Preferably, the first flexible circuit board and/or the second flexible circuit board is replaced by a rigid-flex circuit board.

Preferably, the supporting arm extends backwards from the position between the first upper clamping groove and the first lower clamping groove of the inner side wall of the shell;

the supporting arm is provided with a clamping notch, the first flexible circuit board is provided with a signal processing module, and the signal processing module is clamped into the clamping notch.

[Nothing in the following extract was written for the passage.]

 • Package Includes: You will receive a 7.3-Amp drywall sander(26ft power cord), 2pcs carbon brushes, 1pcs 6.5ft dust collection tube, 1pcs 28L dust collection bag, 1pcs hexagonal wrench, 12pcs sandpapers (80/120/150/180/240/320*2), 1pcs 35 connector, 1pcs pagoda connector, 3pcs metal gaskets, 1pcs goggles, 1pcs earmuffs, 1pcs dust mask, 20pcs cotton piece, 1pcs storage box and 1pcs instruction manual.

Preferably, the side wall of the housing is provided with a via hole, and the via hole is located at an inlet of the first micro channel or the second micro channel.

Preferably, the first microchannel and the second microchannel are provided with outlets; and flow guide materials are arranged in the first micro-channel and the second micro-channel.

The invention has the beneficial effects that: the invention provides a miniature assembled layered biosensor structure, which comprises a first flexible circuit board and a second flexible circuit board, wherein the first flexible circuit board and the second flexible circuit board are bent into an arc shape and are distributed in a layered manner; the first flexible circuit board is positioned at the inner side of the second flexible circuit board; the first bending arm of the first flexible circuit board extends outwards to form a first electrode, and the first bending arm of the second flexible circuit board extends inwards to form a second electrode; one of the first electrode and the second electrode is a working electrode, and the other electrode is a counter electrode; the first electrode and the second electrode constitute a sensor unit; the working electrode WE and the counter electrode CE/reference electrode RE are separated, so that batch processing can be realized respectively; meanwhile, when the working electrode is coated with enzyme and fixed with enzyme, because the working electrode WE is far away from other electrodes, the fine operation can be conveniently carried out; the production efficiency and the design precision are improved.